| Instructions to follow |
Print every line below exactly. Skip the pictures.

| Information |
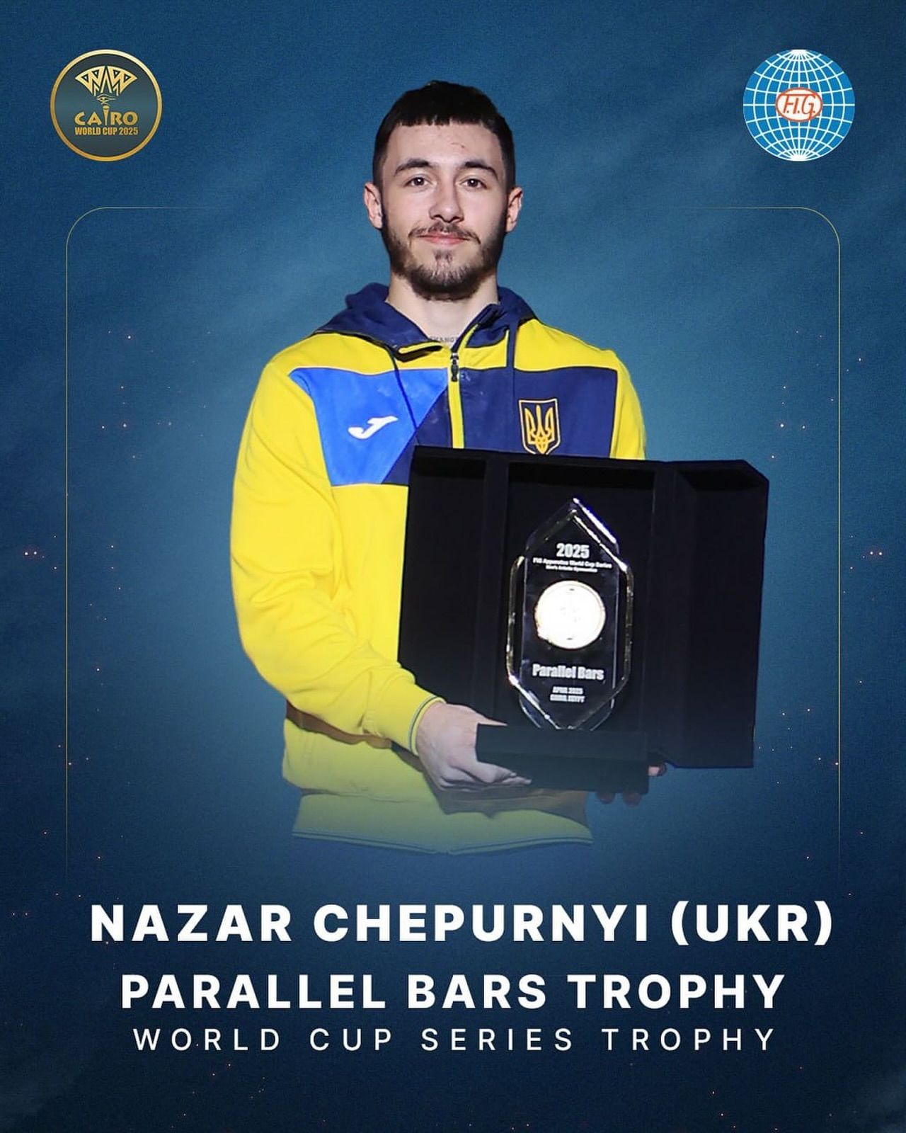 Український гімнаст Назар Чепурний став переможцем заліку Кубка світу на паралельних брусах, повідомляє НОК України. Це відбулося за підсумками останнього етапу, який пройшов у єгипетському Каїрі. Завдяки стабільним виступам протягом усього змагального сезону, спортсмен впевнено виборов перше місце в загальному заліку.
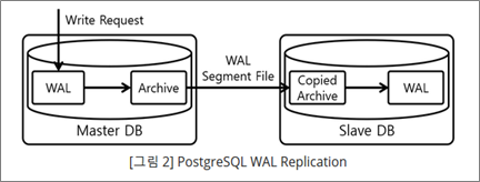 - Master DB는 주기적으로 Archive에 WAL을 주기적으로 복사, Slave DB는 Segment File 단위로 WAL을 복사
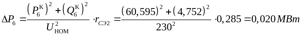 6.1.3 Расчёт потоков мощности на участке 6-5:
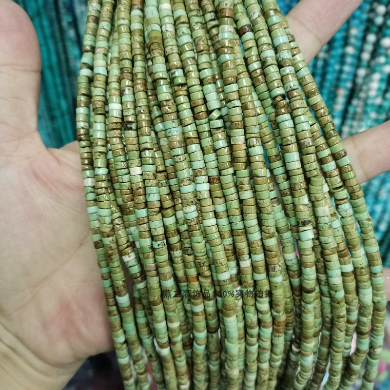 | nameOriginal | Natural turquoise small spacer 4/8mm yellow and green striped pine medium hole disc bracelet necklace earrings diy jewelry |
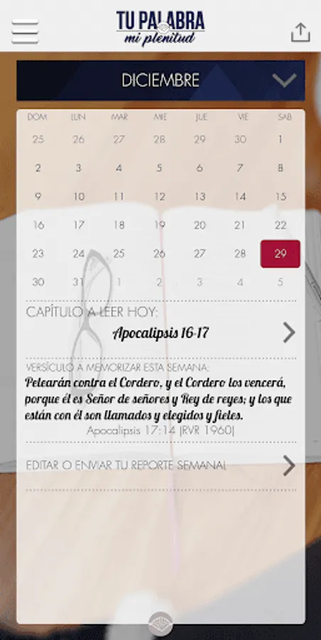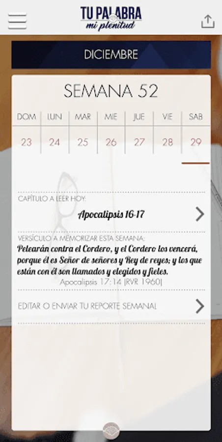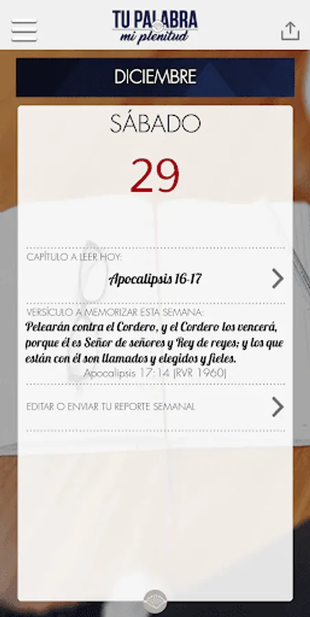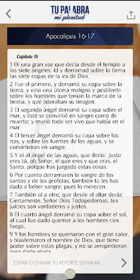 Application Bible reading plan "Thy Word my Fullness" which will send your weekly report Reading and share your progress on your social networks.

| Response box |
 Український гімнаст Назар Чепурний став переможцем заліку Кубка світу на паралельних брусах, повідомляє НОК України. Це відбулося за підсумками останнього етапу, який пройшов у єгипетському Каїрі. Завдяки стабільним виступам протягом усього змагального сезону, спортсмен впевнено виборов перше місце в загальному заліку.
 - Master DB는 주기적으로 Archive에 WAL을 주기적으로 복사, Slave DB는 Segment File 단위로 WAL을 복사
 6.1.3 Расчёт потоков мощности на участке 6-5:
 | nameOriginal | Natural turquoise small spacer 4/8mm yellow and green striped pine medium hole disc bracelet necklace earrings diy jewelry |
 Application Bible reading plan "Thy Word my Fullness" which will send your weekly report Reading and share your progress on your social networks.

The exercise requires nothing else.